Then I saw a Lamb, looking as if it had been slain, standing in the center of the throne, encircled by the four living creatures and the elders. He had seven horns and seven eyes, which are the seven spirits of God sent out into all the earth.

Hebrews 10:10 (New International Version)
And by that will, we have been made holy through the sacrifice of the body of Jesus Christ once for all.

Revelation 7:15
And he said, "These are they who have come out of the great tribulation; they have washed their robes and made them white in the blood of the Lamb. Therefore, "they are before the throne of God and serve him day and night in his temple; and he who sits on the throne will spread his tent over them.

*Many awaits to hear the Good News in Nepal and India that We don't need any more to shed the blood of the animals, for we have been provided by God, the perfect Lamb, who takes away our sins FOREVER.*

LET'S JOIN IN PRAYERS SO THAT THESE PEOPLE WOULD KNOW THE TRUTH OF GOD.


----------



## JBaldwin (Apr 2, 2008)

I see the date of 1964 on here. Do the Nepalise people still do this?


----------



## Raj (Apr 2, 2008)

JBaldwin said:


> I see the date of 1964 on here. Do the Nepalise people still do this?





09/05/2007 05:10 PM 
Nepalese Airline Repairs Aircraft With Goat Sacrifice 
Nepal: The national state-run airline has taken a somewhat unusual approach to solving the technical difficulties being experienced by one of their aircraft by sacrificing a pair of goats to the Hindu sky god Akash Bhairab. 

Shortly after the sacrifice, which occurred at Kathmandu airport with full Hindu ceremony, Raju KC, from Nepal Airlines, announced that "the snag in the plane has now been fixed and the aircraft has resumed its flights."

The issue with one of the airline's two Boeing 757 had been rumoured by local media to be an electrical problem. A number of services were unable to operate due to the aircraft being grounded. 

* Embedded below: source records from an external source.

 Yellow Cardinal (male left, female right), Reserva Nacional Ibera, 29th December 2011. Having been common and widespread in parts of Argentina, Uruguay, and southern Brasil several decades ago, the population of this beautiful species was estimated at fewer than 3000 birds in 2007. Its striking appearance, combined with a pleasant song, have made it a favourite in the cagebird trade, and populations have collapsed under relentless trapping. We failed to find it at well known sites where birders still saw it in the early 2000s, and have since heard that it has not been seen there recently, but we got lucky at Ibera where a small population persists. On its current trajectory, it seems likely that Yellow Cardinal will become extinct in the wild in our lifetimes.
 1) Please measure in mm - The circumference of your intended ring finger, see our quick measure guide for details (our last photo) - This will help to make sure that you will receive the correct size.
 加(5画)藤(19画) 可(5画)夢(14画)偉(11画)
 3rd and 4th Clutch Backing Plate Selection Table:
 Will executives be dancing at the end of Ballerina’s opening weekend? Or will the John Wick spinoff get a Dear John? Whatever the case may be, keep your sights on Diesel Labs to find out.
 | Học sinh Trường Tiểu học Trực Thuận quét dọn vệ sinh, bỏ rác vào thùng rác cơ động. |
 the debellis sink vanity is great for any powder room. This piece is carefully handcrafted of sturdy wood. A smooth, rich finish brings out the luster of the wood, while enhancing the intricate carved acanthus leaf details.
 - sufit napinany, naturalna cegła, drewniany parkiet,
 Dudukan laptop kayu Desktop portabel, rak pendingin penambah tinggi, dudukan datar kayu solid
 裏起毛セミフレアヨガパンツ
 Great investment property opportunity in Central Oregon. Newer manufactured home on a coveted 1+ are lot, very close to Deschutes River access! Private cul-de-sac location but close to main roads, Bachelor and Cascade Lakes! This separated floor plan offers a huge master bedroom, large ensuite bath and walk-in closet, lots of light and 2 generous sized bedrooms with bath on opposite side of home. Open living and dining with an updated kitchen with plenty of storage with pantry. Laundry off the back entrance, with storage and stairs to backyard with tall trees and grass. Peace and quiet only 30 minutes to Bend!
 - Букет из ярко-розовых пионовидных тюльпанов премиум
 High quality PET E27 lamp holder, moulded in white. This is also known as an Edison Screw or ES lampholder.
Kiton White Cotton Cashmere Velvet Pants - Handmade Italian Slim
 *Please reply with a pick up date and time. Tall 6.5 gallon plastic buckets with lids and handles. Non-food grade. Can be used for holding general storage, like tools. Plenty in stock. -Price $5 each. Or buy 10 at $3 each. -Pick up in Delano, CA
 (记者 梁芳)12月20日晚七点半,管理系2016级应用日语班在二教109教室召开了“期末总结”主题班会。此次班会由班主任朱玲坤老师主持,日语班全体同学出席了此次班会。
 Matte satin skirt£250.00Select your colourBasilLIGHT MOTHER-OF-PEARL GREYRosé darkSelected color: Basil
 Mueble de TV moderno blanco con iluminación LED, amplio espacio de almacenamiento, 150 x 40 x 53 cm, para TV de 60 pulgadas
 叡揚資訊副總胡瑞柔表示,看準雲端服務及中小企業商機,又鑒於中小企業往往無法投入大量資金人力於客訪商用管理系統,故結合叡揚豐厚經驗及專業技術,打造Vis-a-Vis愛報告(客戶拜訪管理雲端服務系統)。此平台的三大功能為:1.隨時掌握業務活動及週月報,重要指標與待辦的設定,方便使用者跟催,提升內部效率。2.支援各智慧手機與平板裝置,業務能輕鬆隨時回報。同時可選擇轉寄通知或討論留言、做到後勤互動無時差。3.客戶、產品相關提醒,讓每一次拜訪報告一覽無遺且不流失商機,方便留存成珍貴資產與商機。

Yes, sacrifice practice continues.


----------



## Pergamum (Apr 2, 2008)

Thanks, a reminder of the need for the Good News to go to all the world.


----------



## JBaldwin (Apr 2, 2008)

Raj said:


> JBaldwin said:
> 
> 
> > I see the date of 1964 on here. Do the Nepalise people still do this?
> ...



Thanks for making us aware of this prayer need.


----------